Stereotyped images of the Sikhs can be traced back to the days of colonialism but unfortunately, these archaic conceptions still occasionally surface in the stereotypes produced by movies and newspapers today. 
Words like “terrorism” and “assassination” are thrown at the Sikhs rather than connected to the ones accountable. Unfortunately, the aspirational movement of the 1980s and the early 1990s has pervaded the subconscious of journalists and news anchors alike. Historical Sikh events have suffered from not only biased media coverage, but selective coverage which projects a one sided perspective. The “media blackout” of Operation Blue Star, is a prime example of this type of media offense. 

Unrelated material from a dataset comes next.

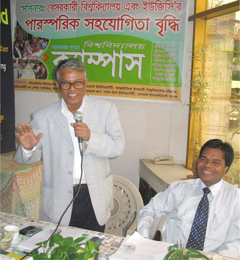 ক্যাম্পাস আয়োজিত সেমিনারে আইনমন্ত্রী ব্যারিস্টার মওদুদ আহমেদ এবং ইউজিসি চেয়ারম্যান ড. আসাদুজ্জামানের সাথে (২০০৬)
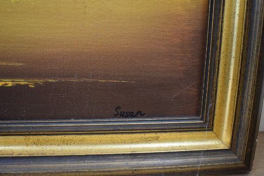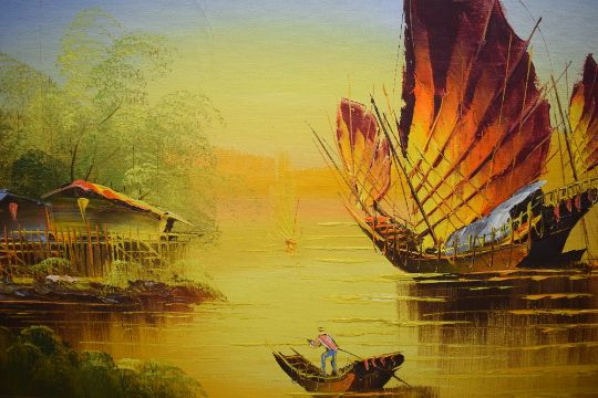 A contemporary oil on canvas, a Chinese inspired landscape with junk boats on water at sunrise/sunset, attributed to 'Susan' in pen to lower right, within moulded gilt frame, 58.5cm x 46cm & 69cm x 57cm overall.

Representing the holiest place in the Sikh religion, this event sits deep in the hearts and memories of Sikhs. The aftermath was later described by the press as involving some "criminals" disliked by the majority of Sikhs and Indians. This strategy of making light of the militants depicted them as petty political agitators, rather than leaders of a movement for a greater Punjabi and Sikh autonomy. 

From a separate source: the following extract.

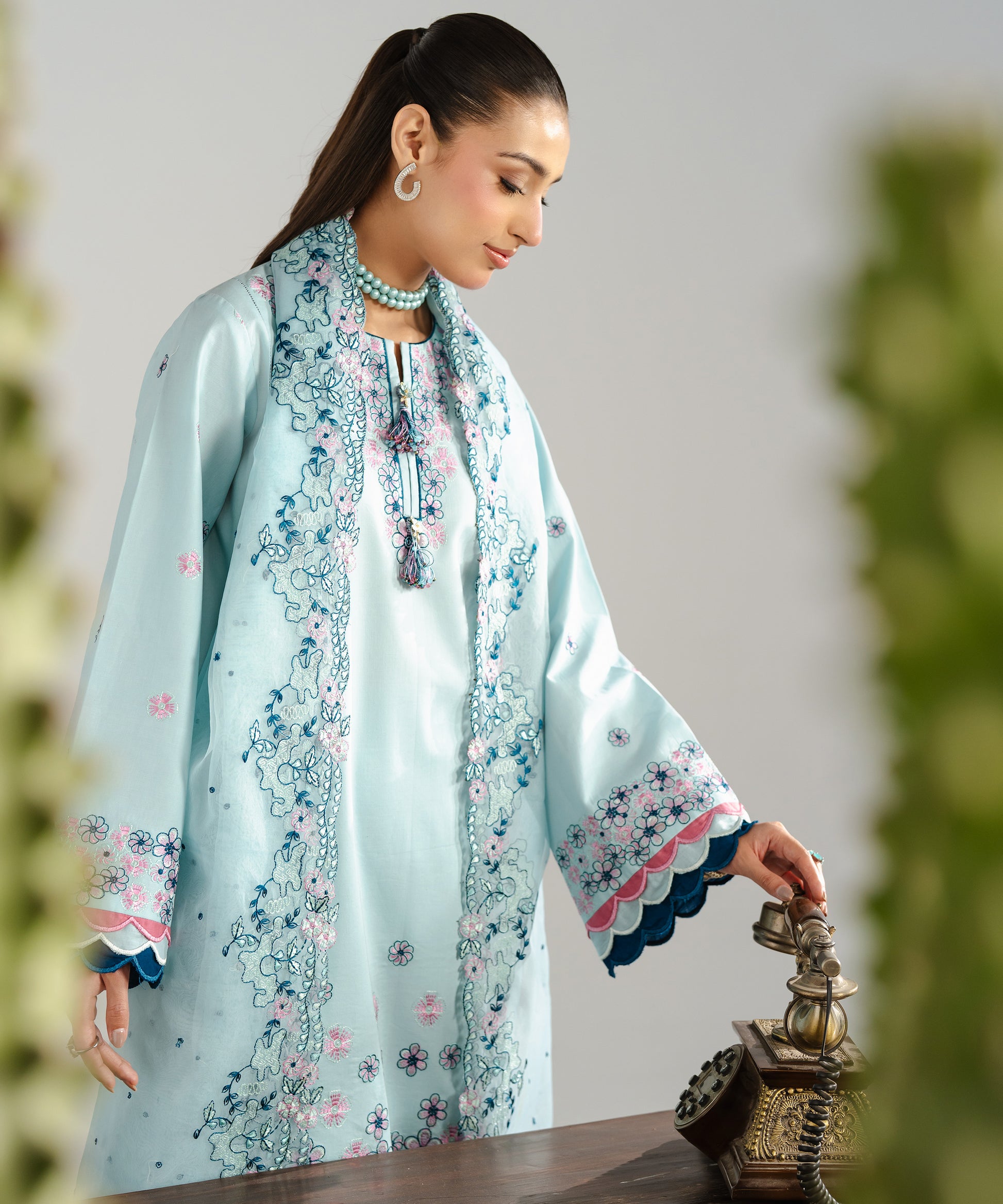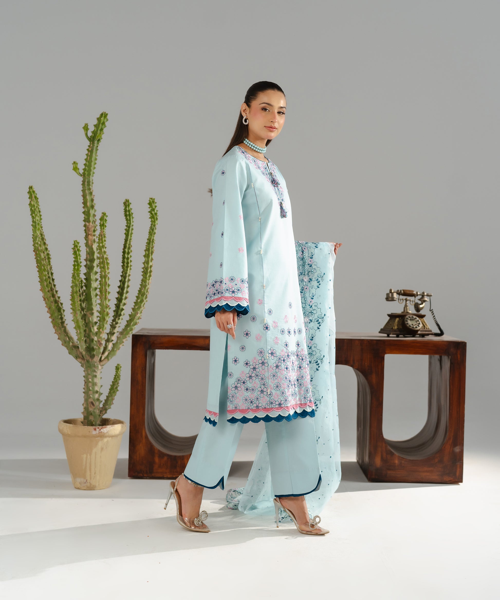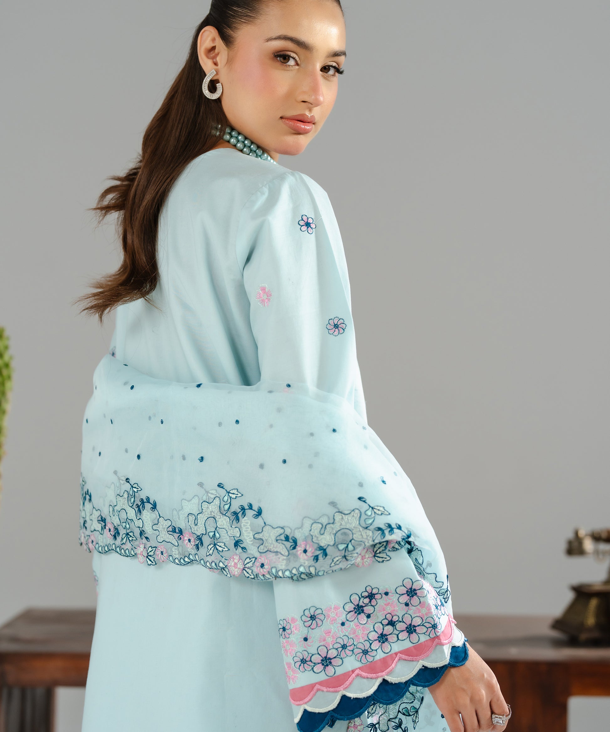 Inhale the calmness of clear horizons with Azure, a serene light blue 3-Piece Suit inspired by soft skies and delicate spring blossoms. This thoughtfully crafted ensemble features a soft gradient effect, where intricate floral embroidery is denser at the hem and gently fades upward for a fluid, airy look. Fine resham threadwork in pastel tones maintains a sense of refined delicacy, paired with tailored trousers featuring a unique, rounded hem cut. A sheer organza dupatta completes the look, offering a light, floating effect finished with a dreamy, cloud-like embroidery touch.

The discrepancy between the media-generated images and the actual severity of the violence used by the Indian government in the operation, created a layer of deceit when informing the public. This usage of selective information in the Indian media only contributed to the ambiguous image of the Sikhs to the misinformed world. 

The Delhi Genocide of 1984 marked another historical event drenched in Sikh blood and influencing social images portrayed by the media. Five thousand Sikhs were murdered, twenty thousand Sikhs were injured, fifty thousand families were uprooted. The confused public was shocked at the savagery while not fully understanding the long historical and ethnic contexts of the occurences. Powerful visuals as these imprint long lasting effects on our minds; and further cloud the lens with which we see the people associated with those visuals in the future. 

Sikh portrayal in the media now still contains traces of the violent past and blends itself in with current news about the Sikhs. Memories of violent historical events contribute to sensationalized issues about Sikh militancy and violence. 

The media easily evokes civil unrest, culture conflicts, violent confrontation, and destruction of property in its reports to society when alluding to the Sikhs. Articles and new reports take one characteristic of the Sikh culture and display it in the context as if it pertained to all followers of the Sikh religion. 

Exactly how does the media come about producing these subjective ideas about a particular culture as the Sikhs? As an available source of information to the inquiring public, the media is able to control what we are informed about and how we are wanted to see that information. Warped representations, omissions, and inacccurate data are utilized to paint the desired picture of the reported affair. 

In North America Sikhs are greatly underrepresented in the media as professionals, anchors, actors, and middle class families. Rarely is there any representation in the news of a Sikh lawyer or anchorwoman. The invisibility of Sikhs in the media, projects the idea that Sikhs are not a relevant part of the North American society. Sikh men are seen as unforgiving militants, while Sikh women are seen as meek and unwilling wives.

There is now a strong need being felt in the community to have a powerful media of its own, and also to take steps to ensure that representation of the community is not in the form of the media generalising one character streak and representing it as the whole.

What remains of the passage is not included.